Diomedes escapó de su residencia en Valledupar donde tenía casa por cárcel en  agosto de 2000 y después  de varias batallas jurídicas y sortear extrañas enfermedades se entregó a la justicia en septiembre del 2002, ante unos guardias estupefactos por su presencia a los cuales les dijo: “vengo a ponerle la cara a la justicia”.

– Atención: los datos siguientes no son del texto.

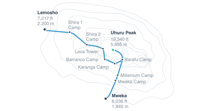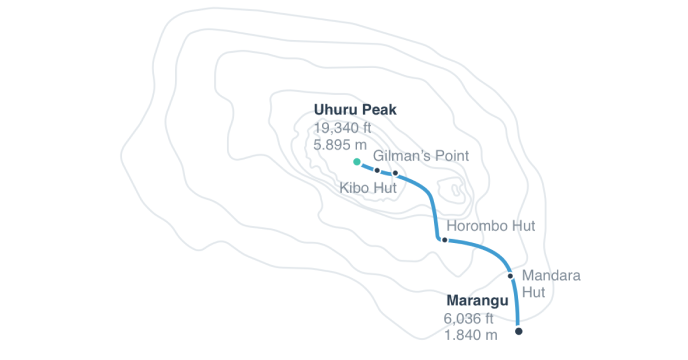 | Uhuru Peak | 5,895m/ 19,341ft | Mweka Camp | 3,068m/ 10,065ft | 4-6 | 12km/ 7mi | |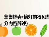 大家好,今天小方来说说一篇关于莺集林春·恰灯前得见些些,关于莺集林春·恰灯前得见些些部分内容简述的文章,那么现在就为大家来简单介绍 浏览全文>>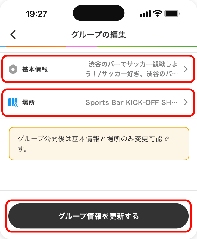 自分が主催しているグループの詳細から編集に進み、編集したい項目を修正してから「グループ情報を更新する」をタップします。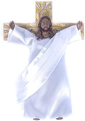 ✝️ DETAILED 3D FIGURINE – The 8.5×4.25×12-inch image of Jesus and the cross behind it are made of a sturdy and durable plastic material. It is large enough for holiday trees 5 feet and above.
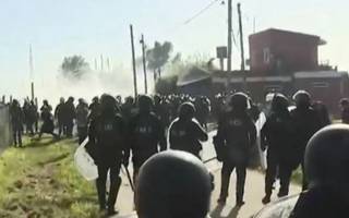 Efectivos de Infantería de la provincia de Buenos Aires, cerca de las 9:30, ya controlaban los acceso al predio de 200 hectáreas ubicado en Guernica, Partido de Presidente Perón, que fue desalojado hoy por orden judicial, mientras cinco camionetas de la policía y un camión hidrante recorren el lugar. Según confirmaron hay 39 detenidos y varios heridos, entre efectivos y usurpadores, producto de los serios enfrentamientos que tuvieron lugar durante el operativo sorpresa.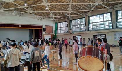 体育館全体をステージにするという初の試みですが、その巨大な空間を楽しむかのように、力強く演奏していました。当日までどこまで練り上げてくれるか、楽しみです!

Ante la reclusión de tan prestigioso cantante de la música vallenata en el patio 6  de la cárcel Judicial de Valledupar, este centro reclusorio se convirtió en el sitio preferido de  romerías de personajes de todos los órdenes, algunos con el interés de ayudarle en su difícil situación, otros únicamente los movía el interés de la novelería, a algunos el chisme y la figuración.

“El cacique”, con su personalidad impredecible y su agudo olfato, a la mayoría de estos personajes lo dejo plantados en la puerta del penal, quienes iracundos por tremendo desaire juraron no escuchar más una canción del reo invalido, y dijeron, “el biscorocho fue el asesino”, juramento que jamás cumplieron, fueron primeros en hacerle calle de honor a la salida de la cárcel y posar para la foto.

Ante tanta soledad, Díaz tuvo  tiempo para escuchar radio, programas de su agrado, a los que mandaba mensajes, este servidor fue objeto de uno de ellos invitándome a visitarlo a la cárcel, con un mensajero que no inspiraba confianza, ante el temor de hacer el oso y quedar “como las novias de barrancas”.

Luego recibí una  llamada presuntamente del “cacique”, me mostré receloso para  no ser objeto de burla, se había vuelto costumbre hacerse pasar por Diomedes para mamar “gallo”.

Por último me envió una carta que guardé y publique en el libro “Las voces del vallenato”, diciéndome que no tuviera temor, que había instrucciones para hacerme pasar, dejé mis resquemores y acepté la invitación.

Diomedes estaba reducido en una pequeña habitación él solo, no se veía cómodo, buena cama, baño pequeño, una cava con abundantes líquidos y comida que le había sido enviada con el primo “Alejo”, el de la canción “El tigrillo”, Diomedes regalaba la comida  a  visitantes o guardas, tenía desconfianza de ser envenenado.

Después de la entrevista, Diomedes prometió que me compraría cien libros de la obra “Clásicos del Vallenato” para donárselos a la Judicial, dinero que me enviaría con su representante José Zequeda.

Dos años después de la libertad de Diomedes, José Zequeda, quien en ese momento se encontraba al lado del “cacique, según testigos, me llama y pregunta dónde me encontraba, le dije el sitio, me comentó que en quince minutos llegaría para entregarme  el dinero.

Hoy varios años después estoy aquí esperando a Zequeda con la plata, haciendo el oso como los invitados de Diomedes a la cárcel, para hacerle la entrega de los libros a la Judicial.